Honeycombers at LISA 2017

Did you go to LISA this year? I used to go back in the 1998-2003 timeframe (anyone remember playing the original Guitar Hero in that huge arcade in Seattle?) and I hope to make it back again someday soon. A lot of time has passed since those days, but the conference continues to offer attendees a wide range of useful and educational talks to choose from. In particular, the content on operating at scale has evolved upward much like the definition of “Large” since the conference’s inception :)

A couple of Honeycombers presented at LISA this year–here’s what they talked about:

Eben Freeman (@emfree): Queueing Theory in Practice: Performance Modeling for the Working Engineer

Although (like you, we assume) Eben doesn’t enjoy standing in lines, he does enjoy optimizing his way around them and then sharing what he’s learned. In this talk, he explains how to use the Universal Scalability Law to model system performance and make better capacity planning decisions. This can be complicated stuff, but don’t worry: he’s helpfully annotated his graphs for those of us who need that extra bit of guidance:

(Note: Although the video is about 45 minutes long, the talk is just 25 minutes of that–no need to budget quite so much time :))
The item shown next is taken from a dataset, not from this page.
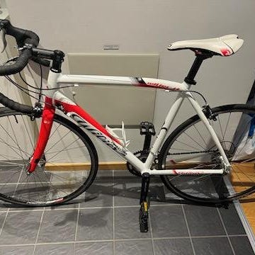 Cykel för den som vill börja cykla landsvägscykel. I gott skick. Jag är knappt 170 med ovanligt långa ben, men passar bättre till man 180 eller längre.

Click through below to see the talk:

link to video

Ben Hartshorne (@maplebed): Sample Your Traffic but Keep the Good Stuff!
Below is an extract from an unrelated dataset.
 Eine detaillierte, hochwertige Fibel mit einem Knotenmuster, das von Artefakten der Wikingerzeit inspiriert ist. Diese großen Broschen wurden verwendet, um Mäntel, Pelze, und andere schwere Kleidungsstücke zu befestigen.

Ben did us all proud back here at the hive by wearing his bee feelers/antennae for his talk. As is the tradition of our people, I have created a high-quality gif to celebrate this occasion:

bee like ben gif

If you’re trying to keep the volume of your instrumentation data at a reasonable level but want to maintain a high level of actual observability, Ben’s got you covered with this talk. Don’t aggregate your data–bee smart and sample it!